BEGIN DATA FOR THIS EXERCISE

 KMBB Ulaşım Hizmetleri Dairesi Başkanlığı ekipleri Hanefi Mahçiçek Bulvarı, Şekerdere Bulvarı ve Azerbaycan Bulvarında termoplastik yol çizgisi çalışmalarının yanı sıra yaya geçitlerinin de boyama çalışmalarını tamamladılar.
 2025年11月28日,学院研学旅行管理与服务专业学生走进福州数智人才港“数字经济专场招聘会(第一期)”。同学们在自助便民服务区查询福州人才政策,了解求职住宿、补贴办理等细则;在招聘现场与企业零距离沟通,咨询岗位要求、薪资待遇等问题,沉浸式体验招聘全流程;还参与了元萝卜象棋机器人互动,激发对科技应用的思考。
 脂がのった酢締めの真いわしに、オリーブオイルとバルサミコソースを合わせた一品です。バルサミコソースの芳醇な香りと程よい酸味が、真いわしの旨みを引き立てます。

END DATA FOR THIS EXERCISE
BEGIN DATA FOR THIS EXERCISE

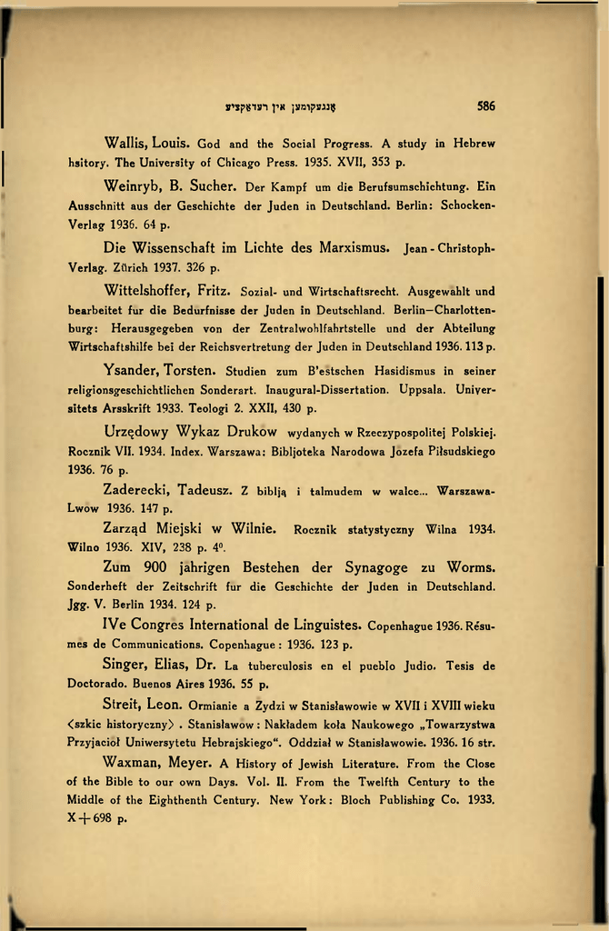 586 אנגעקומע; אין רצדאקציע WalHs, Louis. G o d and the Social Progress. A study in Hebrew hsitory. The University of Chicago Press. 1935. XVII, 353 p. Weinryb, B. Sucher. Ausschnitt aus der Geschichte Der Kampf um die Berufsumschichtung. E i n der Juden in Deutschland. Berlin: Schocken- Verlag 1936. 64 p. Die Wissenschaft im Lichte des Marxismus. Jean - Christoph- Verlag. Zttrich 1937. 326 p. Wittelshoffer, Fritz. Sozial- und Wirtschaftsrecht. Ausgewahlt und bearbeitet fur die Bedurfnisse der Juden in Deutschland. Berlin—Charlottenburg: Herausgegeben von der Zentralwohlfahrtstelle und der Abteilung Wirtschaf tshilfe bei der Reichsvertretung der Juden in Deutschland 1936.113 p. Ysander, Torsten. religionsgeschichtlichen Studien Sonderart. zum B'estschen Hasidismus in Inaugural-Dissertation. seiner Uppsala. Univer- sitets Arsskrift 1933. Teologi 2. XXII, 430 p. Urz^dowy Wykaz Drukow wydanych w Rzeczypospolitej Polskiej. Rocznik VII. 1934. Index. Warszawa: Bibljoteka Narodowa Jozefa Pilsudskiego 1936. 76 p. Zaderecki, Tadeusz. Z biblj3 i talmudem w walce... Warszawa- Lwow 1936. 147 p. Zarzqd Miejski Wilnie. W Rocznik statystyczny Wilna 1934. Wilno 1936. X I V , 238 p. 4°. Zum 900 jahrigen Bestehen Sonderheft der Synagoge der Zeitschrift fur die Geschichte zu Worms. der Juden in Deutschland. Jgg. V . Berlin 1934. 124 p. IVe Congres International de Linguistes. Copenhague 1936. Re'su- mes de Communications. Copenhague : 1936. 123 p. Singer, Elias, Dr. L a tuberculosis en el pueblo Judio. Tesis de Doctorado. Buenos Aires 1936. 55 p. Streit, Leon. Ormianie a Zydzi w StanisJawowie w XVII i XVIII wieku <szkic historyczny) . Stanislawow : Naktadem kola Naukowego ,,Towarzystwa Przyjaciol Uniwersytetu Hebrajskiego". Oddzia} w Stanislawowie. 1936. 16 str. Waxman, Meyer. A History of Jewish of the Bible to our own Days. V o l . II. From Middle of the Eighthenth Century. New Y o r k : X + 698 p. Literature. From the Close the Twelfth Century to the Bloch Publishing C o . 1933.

END DATA FOR THIS EXERCISE

_EXERCISE GOAL_
Find the line with "2025年11月28日,学院" in the entries above. Retype it and each line after it, exactly, through the line with "脂がのった酢締めの真いわしに", and stop there.

_YOUR SOLUTION_
 2025年11月28日,学院研学旅行管理与服务专业学生走进福州数智人才港“数字经济专场招聘会(第一期)”。同学们在自助便民服务区查询福州人才政策,了解求职住宿、补贴办理等细则;在招聘现场与企业零距离沟通,咨询岗位要求、薪资待遇等问题,沉浸式体验招聘全流程;还参与了元萝卜象棋机器人互动,激发对科技应用的思考。
 脂がのった酢締めの真いわしに、オリーブオイルとバルサミコソースを合わせた一品です。バルサミコソースの芳醇な香りと程よい酸味が、真いわしの旨みを引き立てます。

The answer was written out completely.